SOURCE DATA -

○ ○ ○ ○ ○

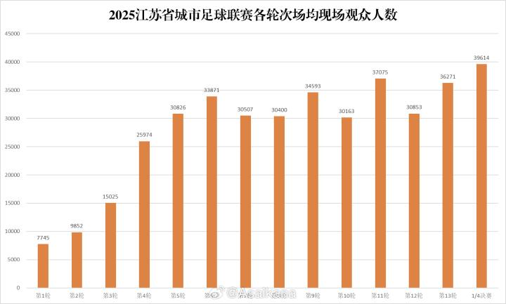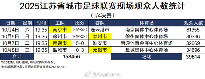 据德转亚洲区管理员朱艺@Asaikana 的消息,苏超1/4决赛4场比赛超15万人现场观战。
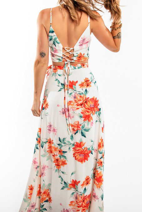 Un bellissimo set composto da top e gonna coordinati, gonna a portafoglio, con voluminoso spacco. Scollatura a v e intreccio sulla schiena a corsetto. Fresco ed estivo.
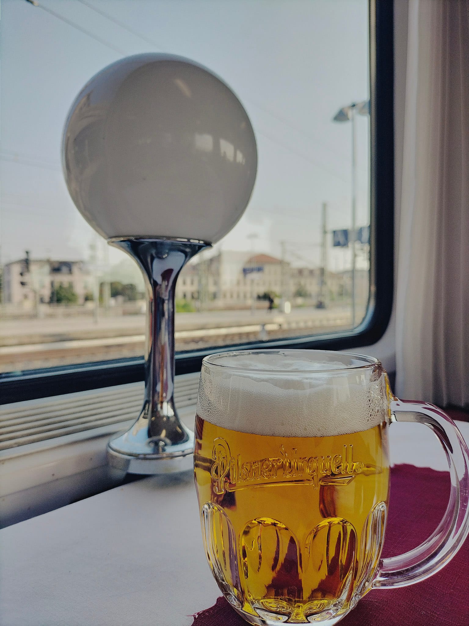 Bier wird weiterhin frisch gezapft, und der Speisewagen im ComfortJet ist für mindestens zwei Sorten Hopfenblütentee aus dem Fass ausgelegt. "A specific Czech request", wie die RailwayGazette in ihrer Vorstellung des ComfortJet schreibt 😄.
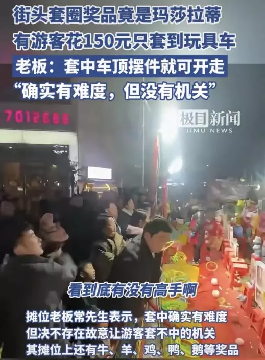 老闆對此也坦言,想要套中瑪莎拉蒂的確難度較大,但強調自己絕對沒有設置任何特殊機關來刻意阻止遊客獲勝,「只要圈掛在擺件上就行,這和技術和運氣有關」。

○ ○ ○ ○ ○

WHAT TO DO - Exact copy, no pictures: reproduce the whole listing above.

EXERCISE RESPONSE -
 据德转亚洲区管理员朱艺@Asaikana 的消息,苏超1/4决赛4场比赛超15万人现场观战。
 Un bellissimo set composto da top e gonna coordinati, gonna a portafoglio, con voluminoso spacco. Scollatura a v e intreccio sulla schiena a corsetto. Fresco ed estivo.
 Bier wird weiterhin frisch gezapft, und der Speisewagen im ComfortJet ist für mindestens zwei Sorten Hopfenblütentee aus dem Fass ausgelegt. "A specific Czech request", wie die RailwayGazette in ihrer Vorstellung des ComfortJet schreibt 😄.
 老闆對此也坦言,想要套中瑪莎拉蒂的確難度較大,但強調自己絕對沒有設置任何特殊機關來刻意阻止遊客獲勝,「只要圈掛在擺件上就行,這和技術和運氣有關」。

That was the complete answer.